La tía Esther siguió hablando, pero mirando siempre para abajo doblando la punta de la servilleta de tela, alisándola, presionando con sus dedos los bordes, una y otra vez, como agarrándose en ese acto a alguna otra cosa. Sus manos y detrás de ellas la raya entre las tetas que se asomaba por el escote, ahora llena de arrugas, son muchas pensé. Siempre quise tener la raya entre las tetas.

-Ya te estoy viendo la cara– dijo la Chiche.

-¿Qué?– dije con miedo a que se diera cuenta.

-Seguro que te estás grabando todo para escribirlo en algún lado.

Alguien dijo que iban a tener que pensar antes de contar cosas adelante mío porque ahora se me daba de andar escribiendo todo. Pero yo estaba pensando en la raya de las tetas, y que le vi las tetas a todas, a las tías, las de la nona, que cuando me invitaban a dormir yo dormía en la cama grande, siempre en el lugar del muerto, del difunto le dicen ellas, no sé que quiere decir eso. Y que me gustaba ver la ceremonia previa a rezar el rosario, y como iban sacándose el vestido, después la enagua, por último, el corpiño, gigante, que parecía guardar dos globos pesados de carne, me gustaba ver como las soltaban cuando se aflojaba el elástico, como si le abrieran la jaula a un par de pajaritos, o mejor a un par de gallinas batarazas. ¿Y porque todos lo hombres están muertos? Esa pregunta la hice en voz alta cuando le Chiche preguntó en qué estaba pensando.

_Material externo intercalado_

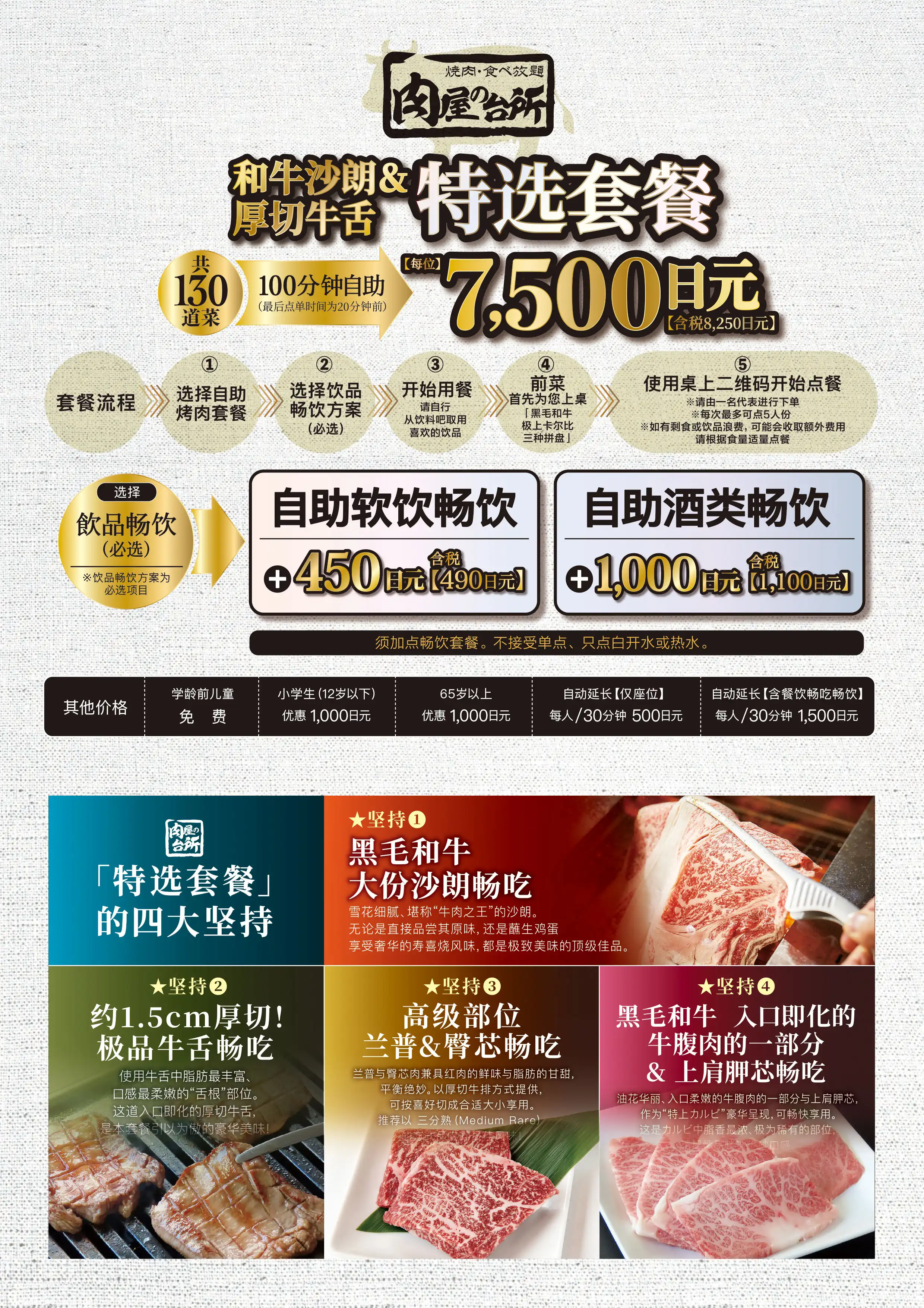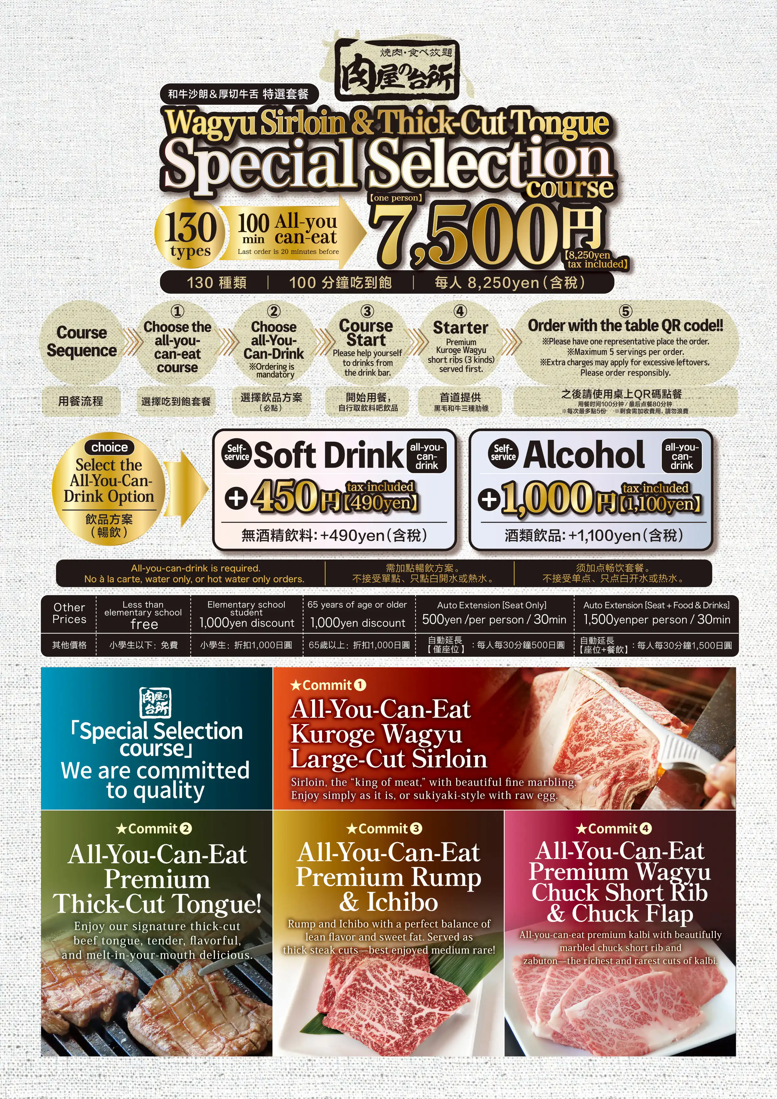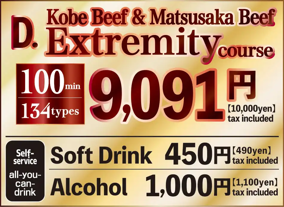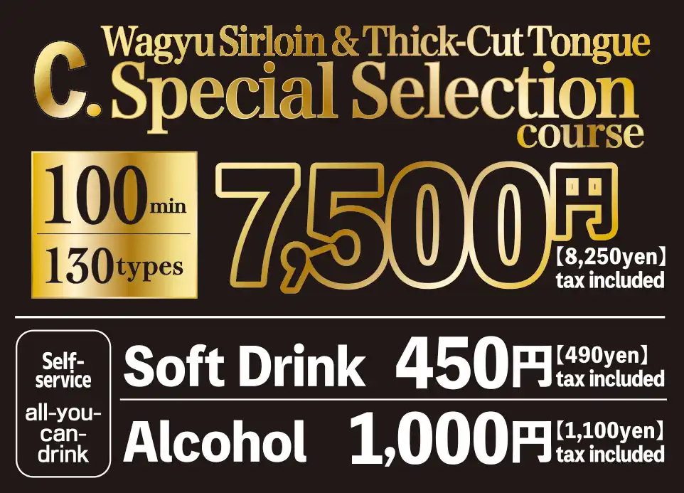 黒毛和牛上カルビや上赤身、名物の黒毛和牛ロング中落カルビなど和牛焼肉をとってもリーズナブルに楽しめる当店の一押し看板コースです。さらに花びらのように盛り付けた和牛肉パフェは事前予約で無料サービスしております。ご希望のメッセージを添えて大切な記念日を彩ります。席時間100分制LO80分ーーーーーーーー【飲み放題料金】※必ずつけていただいており、詳細は当日ご案内させていただきます。(通常価格)ソフトドリンク450円(税込490円)アルコール:1,000円(税込1,100円)(LINE友達価格)ソフトドリンク350円(税込380円)アルコール:750円(税込820円)

-¿Y porqué todos los hombres están muertos?- dije.

-Y la carta llegó tarde- eso salió de la boca de la Esther– como eran las cosas en ese entonces.

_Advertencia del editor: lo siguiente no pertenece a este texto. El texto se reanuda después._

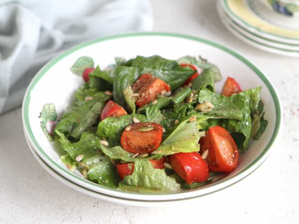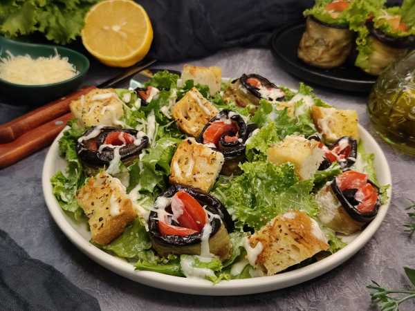 Подготовьте листья салата романо. Заправьте их готовым соусом (4-5 ст.л.), остатки соуса уберите в холодильник - его можно использовать для заправки других салатов.
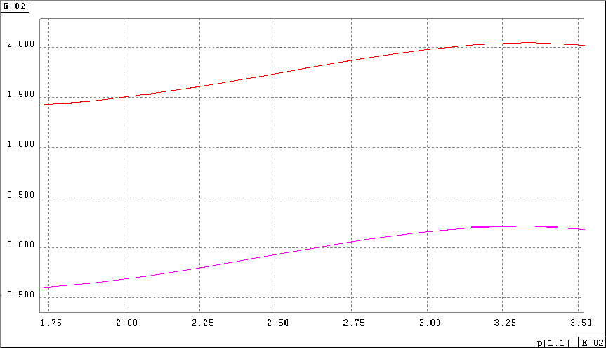 __ Angle de braquage de la roue gauche en fonction de l'angle de la biellette.

-No son los únicos que faltan- dijo la Chiche.

-Déjenla terminar- dijo alguien desde la cocina.

-Pero son los que se fueron primero – le dije.

-Un día salió a dar un paseo, como siempre, parece que le gustaba salir, y ahí lo dejaban, y salió a dar un paseo, pero no volvió. Lo encontraron muerto en la calle, gente que lo conocía se ve… avisaron al lugar ese en el que estaba... Pero la carta llegó tarde, y estuvo ahí solito y desnudo en la morgue por varias semanas… Y mi marido viajó a buscarlo… Una carta tan linda, tan bien escrita… -sin dejar de mirar para abajo repitió como un mantra las misma palabras- una carta tan bien escrita, no era un telegrama, era una carta, con una letra tan prolija. ¿Quién se toma el trabajo de dar una noticia así de esa manera?

-Era alguien que quería que la familia supiera– dijo la Chiche

-La Esther soltó la servilleta y llevó sus manos hacia el interior de su escote, a veces sacaba pañuelos de ahí. Movió su mentón hasta pegarlo al cuello, hizo un esfuerzo con sus dedos y sacó un alfiler con cosas enganchadas: una medalla de la virgen, otra de San Antonio y otra cosa dorada un poco más grande; cuando la abrió, sacó dos fotos, besó la punta de su dedo y después tocó una y otra, dos veces.